Before deciding to go ahead with the operation I had been offered, I asked about the success rate and the risks. The consultant told me that there is a 1 in 100 risk that I shall need a further operation and a 1 in 1000 risk that I shall lose all vision in that eye. The latter would affect my life drastically, to the extend that I could no longer read. I would be able to get about, with difficulty, recognising people but severely limited in my daily life. (I had been practising by covering my right eye for short periods when watching television or walking about the house.) Whatever happens will affect both of us, and it was a joint decision, but I thought the risk small enough to take, especially as I shall almost certainly need to have the cataract removed sooner or later, and when I am older and perhaps in poorer health there could be additional problems.
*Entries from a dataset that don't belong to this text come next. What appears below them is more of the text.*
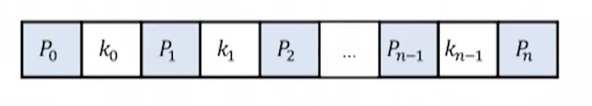 - 노드 구조는 다음과 같다. 여기서 P0 ~ Pn 은 서브 트리에 대한 포인터 이고 K0 ~ Kn-1 은 키값이다. 또한 n ≤ m - 1 이 성립한다.
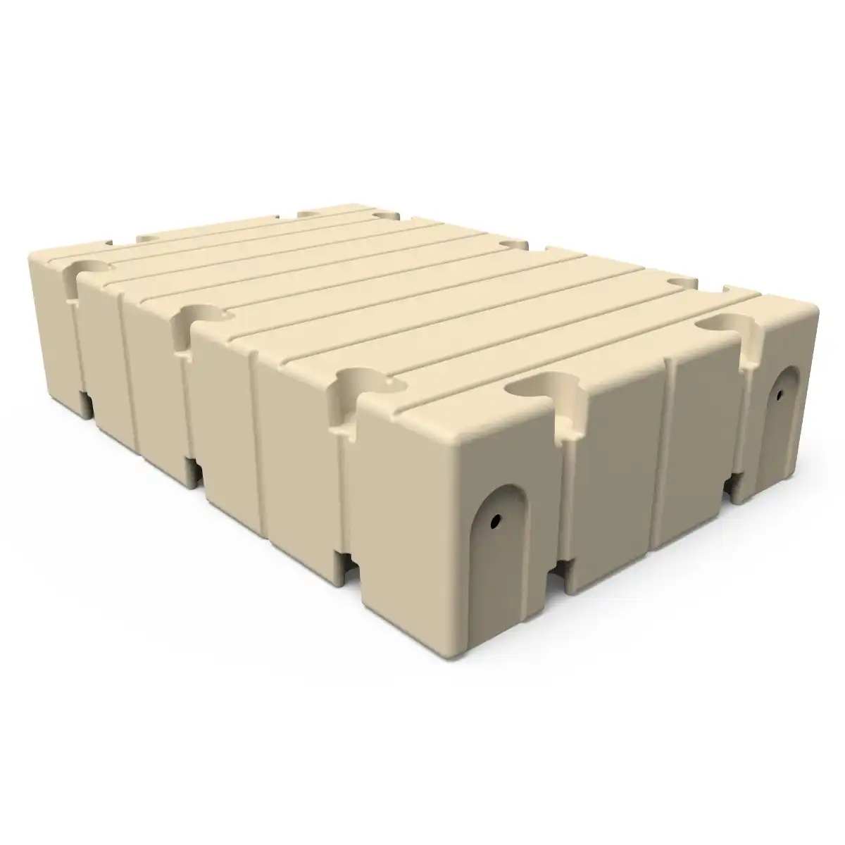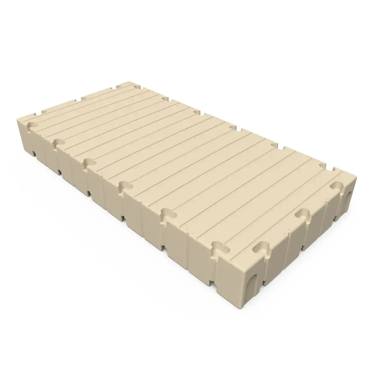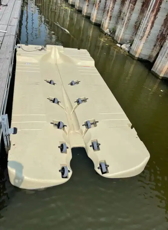 EZ Dock sections are of one-piece design, and their underside utilizes indentations or pylon areas. These pylons create a suction or vacuum effect, which enhances the stability of the floating system. When you walk from one end of a EZ Dock system to the other, you receive the benefit of both the "up" buoyancy flotation as well as the suction or "pull down" effect.
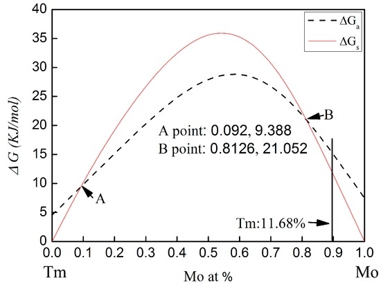 In addition, although the calculated Gibbs free energy of both the crystalline solid solution and the amorphous phase are higher than zero for all compositions, as shown in Figure 5, these calculated values are limitations and cannot completely represent actual situation. However, ball milling induced the decomposition of the Tm2O3 component, followed by solvation into the Mo crystal structure, the investigation of the Gibbs free energy using the Mo-Tm system to take the place of Mo-Tm2O3 system is also reasonable and feasible.

There is every chance that before the new football season is a month old I shall be able to read the names and numbers on players' shirts and on the screens at the Emirates, to read without having to shield my right eye from glare, and to manage without having to ask Sue to read scores and captions on television. The tiny but unignorable risk is that I may stumble closer to unlikely empathy with Samson and Milton, despite my lack of resemblance on either count.